Within the records that follow, restate exactly the lines from the line with "Sign up for" down to the line with "overkapping en bergvliering.", including both. Omit the pictures.

[[ RECORDS TO USE open ]]

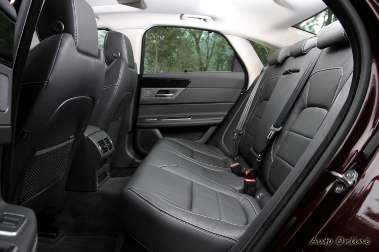 原廠安排的試駕路線包含高速公路與蜿蜒山路,有著之前XE在賽道上的印象,對於XF也有著相同期望。XF 25t搭載的2.0升渦輪增壓引擎與八速手自排變速箱,低速加速反應直接,全油門踩下聽覺能享受到原廠刻意調校的排氣聲浪,微微的貼背感是上一代XF不曾有的感覺,雖然同樣的引擎配置,減輕超過50kg車身重量得到不一樣的結果,難怪賽車運動中輕就能決定一切。車速來到中、高速時,加速力道明顯下滑但絲毫不懈怠,頓時看看時速表已超過限速很多不得不立刻減速,XF在後段的加速表現驚人,車身動態也沒有因為鋁合金材質輕而帶來漂浮感,如同四門跑車般又快又穩。
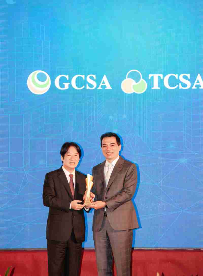 达全方位永续表现获全球永续奖及台湾永续奖肯定,,,由副总统赖清德颁奖 (左),,,尊龙集团总经理柯富仁 (右) 代表领奖
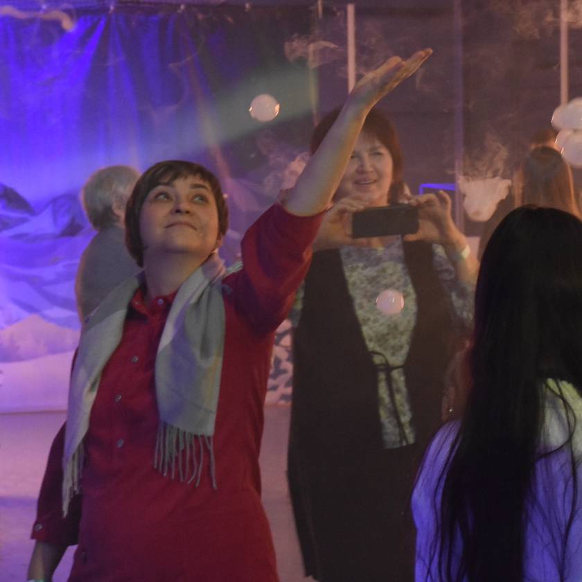 В этом году ледовую арену комплекса разбили на две части. В одной организовали фотозоны, а в другой демонстрировался спектакль, и часть зрителей разместились на стульях, установленных на специальном покрытии, прямо на ледовой арене.
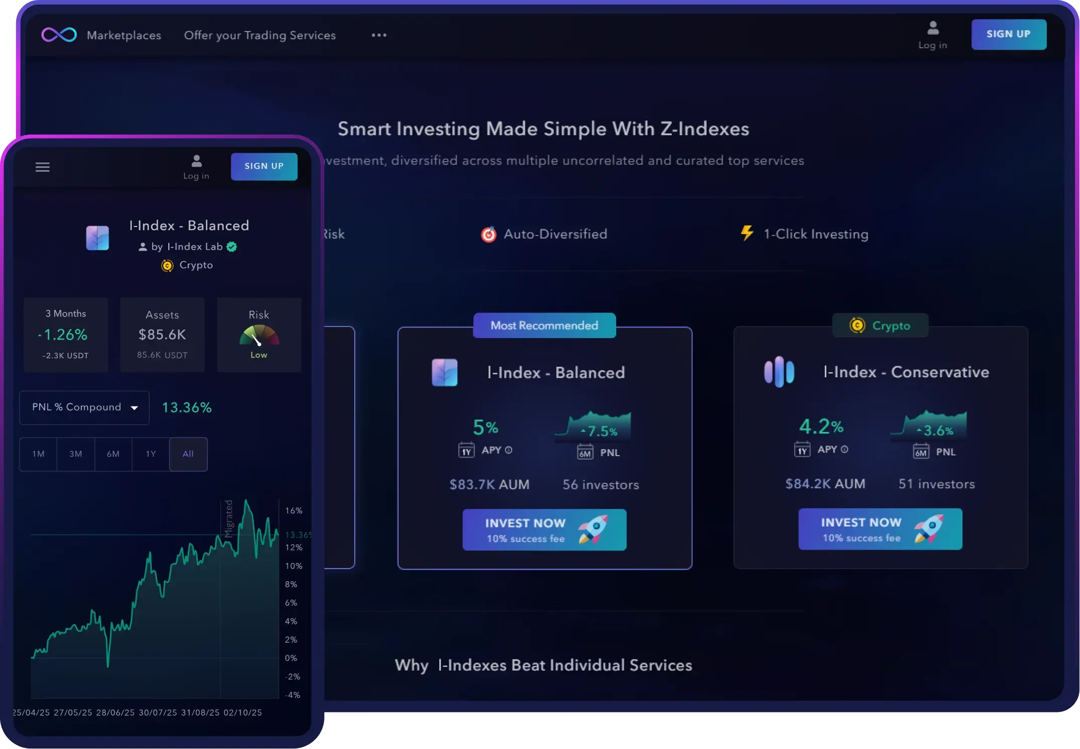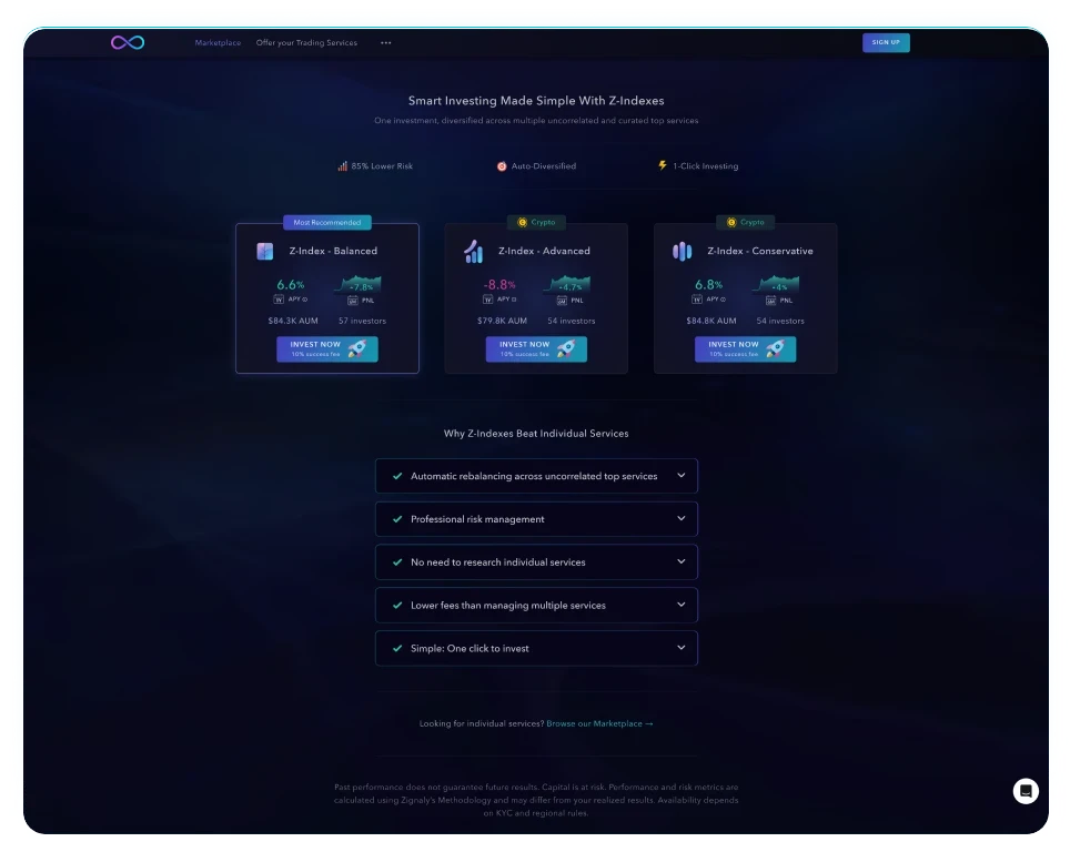 Sign up for free. Enjoy curated, uncorrelated Z?Indexes with no monthly fees and
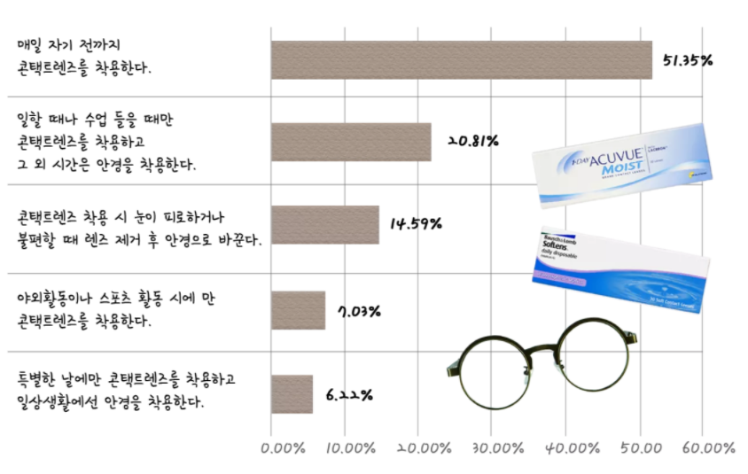 그래서인지 콘택트렌즈를 착용하시는 분들은 하루종일 착용하시는 분들이 대부분입니다.
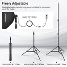 • 83"/210cm Telescopic Light Stand- Designed with 4 sections for flexible and precise height adjustment, the tripod stand extends up to 83"/210cm. Constructed from aluminum alloy, it is robust and rust resistant, providing stable support for your equipment and ensuring an effortless photography lighting setup
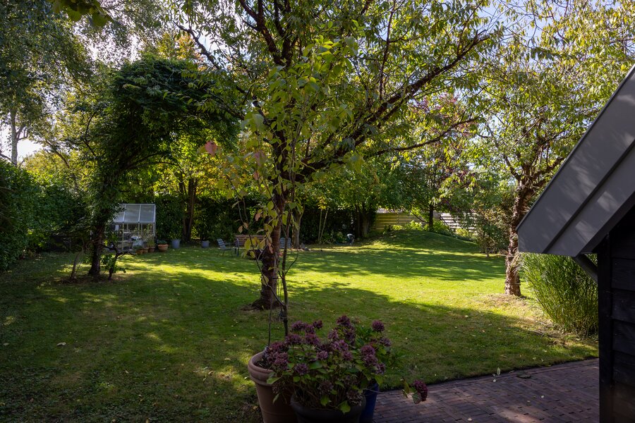 • Vrijstaande berging van 12 m² met overkapping en bergvliering.
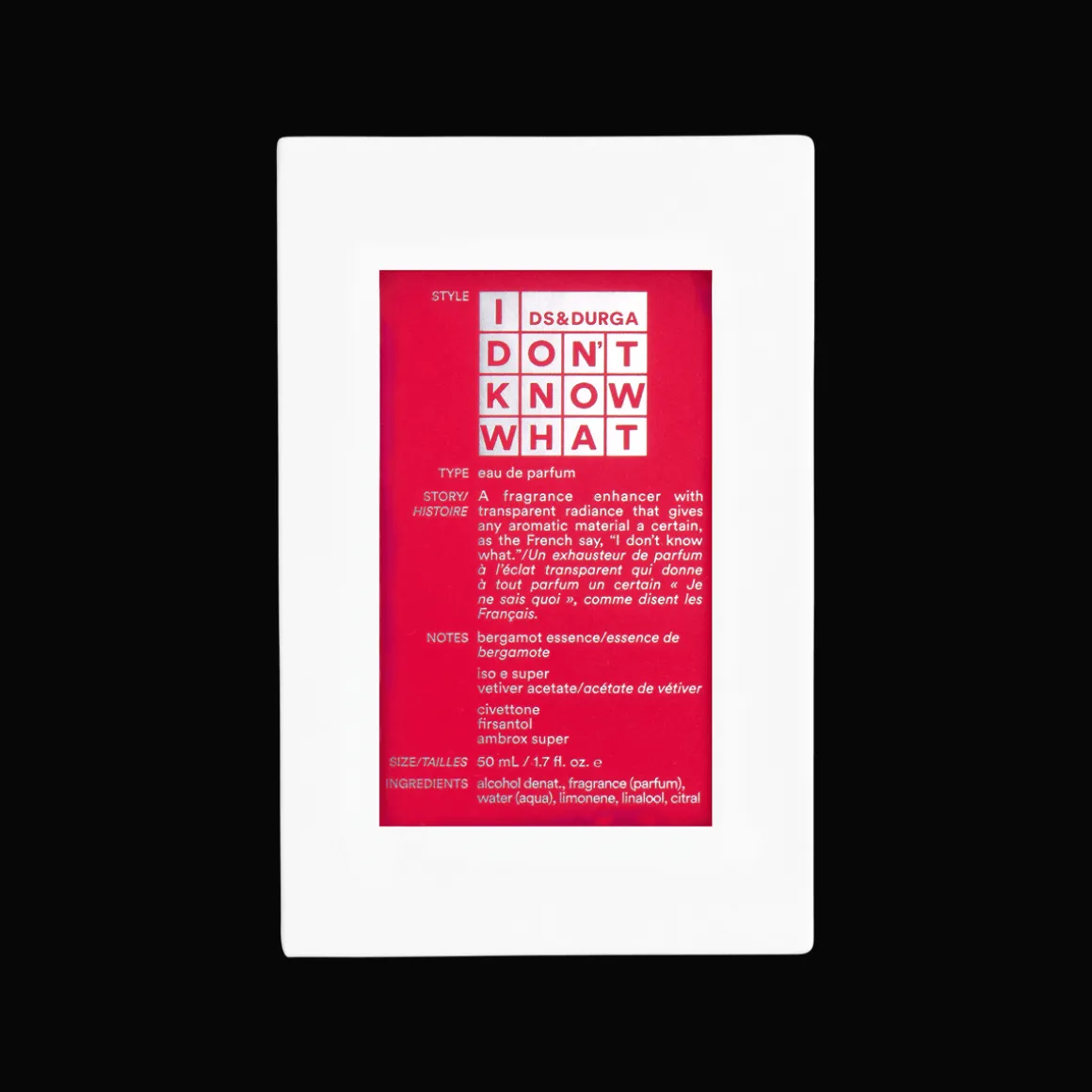 I Don’t Know What van D.S. & Durga geeft elke geur een boost die niet in één woord te vangen is. Of zoals de Fransen zeggen, een vleugje ‘je ne sais quoi’. Dit Limited Edition eau de parfum is een geurversterker die door middel van aromachemicaliën extra levendigheid geeft aan elke parfum(olie) waar dit product overheen wordt gesprayd. I Don’t Know What heeft zijn eigen citrus- en houtachtige unisex-geur, samengesteld uit krachtige synthetische moleculen, maar is ook het perfecte parfum voor perfume layering om je eigen, unieke geur te creëren.
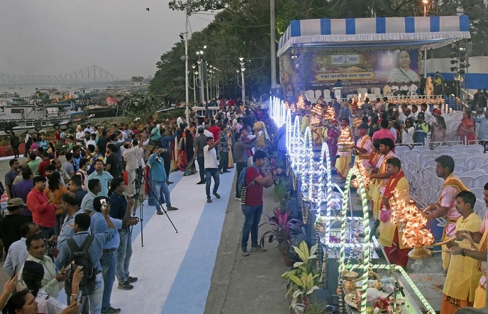 પશ્ચિમ બંગાળના મુખ્યમંત્રી મમતા બેનર્જીએ વારાણસી જેવા રાજ્યભરના વિવિધ ગંગા ઘાટ પર ગંગા આરતીની શરૂઆત કરી છે. આ વર્ષે ૨ માર્ચથી, ગંગા આરતી જાેવા માટે મોટી સંખ્યામાં પ્રવાસીઓ કોલકાતામાં (ર્દ્ભઙ્માટ્ઠંટ્ઠ) ઉમટી રહ્યા છે. મુલાકાતીઓને મફતમાં ગંગા આરતી જાેવાની તક મળી રહી છે અને આ વખતે કોલકાતા મ્યુનિસિપલ કોર્પોરેશને ગંગા આરતી જાેવા આવનારાઓ માટે ખીચડીના પ્રસાદની વ્યવસ્થા કરી છે. એક વરિષ્ઠ સરકારી અધિકારીના જણાવ્યા અનુસાર, શનિવારે આરતી પછી અઠવાડિયામાં એકવાર ભોગ ચઢાવવાની વ્યવસ્થા કરવામાં આવી છે. આરતીની સાથે કોલકાતા નગરપાલિકા પણ આ કાર્યક્રમનું આયોજન કરી રહી છે. આરતી દર્શન બાદ દર્શનાર્થીઓ ખીચડીનો આનંદ માણી રહ્યા છે. ગંગા આરતી જાેયા પછી મુલાકાતીઓને આ ખાસ ખીચડી ભોગ આપવામાં આવે છે. મ્યુનિસિપલ સૂત્રોના જણાવ્યા અનુસાર આ ગંગા આરતી માટે દરરોજ સાંજે લગભગ એક હજાર ભક્તો બડે કદમતલા ઘાટ પર આવે છે. સપ્તાહના છેલ્લા દિવસે શનિવારે ભીડ થોડી વધુ રહે છે. તેથી જ આ દિવસે ભોગની વ્યવસ્થા કરવામાં આવી છે. ખીચડીનો ભોગ લગભગ ૧૦૦ કિલો ચોખા, ૫૦ કિલો કઠોળ, ૩ થી ૫ કિલો ઘી, કાજુ, કિસમિસ અને વિવિધ શાકભાજી અને મસાલામાંથી તૈયાર કરવામાં આવે છે. ખીચડીનો પ્રસાદ શાલપત્રના વાટકામાં મુલાકાતીઓમાં વહેંચવામાં આવે છે. હાલમાં શનિવાર સાંજના પ્રસાદ માટે આ વ્યવસ્થા કરવામાં આવી છે, પરંતુ નજીકના ભવિષ્યમાં આ દિવસ લંબાવવાની યોજના છે. આ ભોગ શનિવારે દેવી ગંગાના મંદિરમાં આરતીની સાથે ચઢાવવામાં આવે છે. ત્યારબાદ આરતીના અંતે પ્રસાદનું વિતરણ કરવામાં આવે છે. મ્યુનિસિપલ કોર્પોરેશને એક સ્વૈચ્છિક સંસ્થાને ભોગનું આયોજન કરવાની જવાબદારી સોંપી છે. કોલકાતામાં જાેવાલાયક સ્થળોની યાદીમાં એક નવો ઉમેરો ગંગા ઘાટ આરતી છે. રાજ્ય સરકાર આ જર્જરિત કદમતલા ઘાટને આંતરરાષ્ટ્રીય સ્તરનું પ્રવાસન કેન્દ્ર બનાવવા માંગે છે. ગંગાનું સૌંદર્ય સુખદ વાતાવરણ બનાવે છે. દરરોજ સાંજે ગંગા પૂજા સાથે ગંગા આરતીના દર્શન પણ કરવામાં આવે છે. મમતા બેનર્જી વારાણસી ગંગા ઘાટ પર આરતીથી પ્રભાવિત થયા હતા. મુખ્યમંત્રીએ કોલકાતા ઘાટ પર આવી આરતી કરવાની ઈચ્છા વ્યક્ત કરી હતી અને કોલકાતા મ્યુનિસિપલ કોર્પોરેશનને જવાબદારી સોંપી હતી. આ આરતીની શરૂઆત પહેલા ઘાટ પર મા ગંગાનું મંદિર બનાવવામાં આવ્યું છે. અહીં મા ગંગાની મૂર્તિ સ્થાપિત કરવામાં આવી છે.
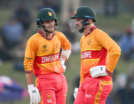 इसके जवाब में जिम्बाब्वे ने 13.3 ओवरों में जीत दर्ज कर ली। दिवानाशे मारुमानी और ब्रायन बेनेट ने पहले विकेट के लिए 3.1 ओवरों में 30 रन जुटाए। मारुमानी 11 गेंदों में 5 चौकों के साथ 21 रन बनाकर आउट हुए, जिसके बाद डायोन मायर्स (0) बल्लेबाजी के लिए उतरे, लेकिन अपनी दूसरी गेंद पर ही विकेट गंवा बैठे।

[[ RECORDS TO USE closed ]]

> [YOUR SOLUTION]
 Sign up for free. Enjoy curated, uncorrelated Z?Indexes with no monthly fees and
 그래서인지 콘택트렌즈를 착용하시는 분들은 하루종일 착용하시는 분들이 대부분입니다.
 • 83"/210cm Telescopic Light Stand- Designed with 4 sections for flexible and precise height adjustment, the tripod stand extends up to 83"/210cm. Constructed from aluminum alloy, it is robust and rust resistant, providing stable support for your equipment and ensuring an effortless photography lighting setup
 • Vrijstaande berging van 12 m² met overkapping en bergvliering.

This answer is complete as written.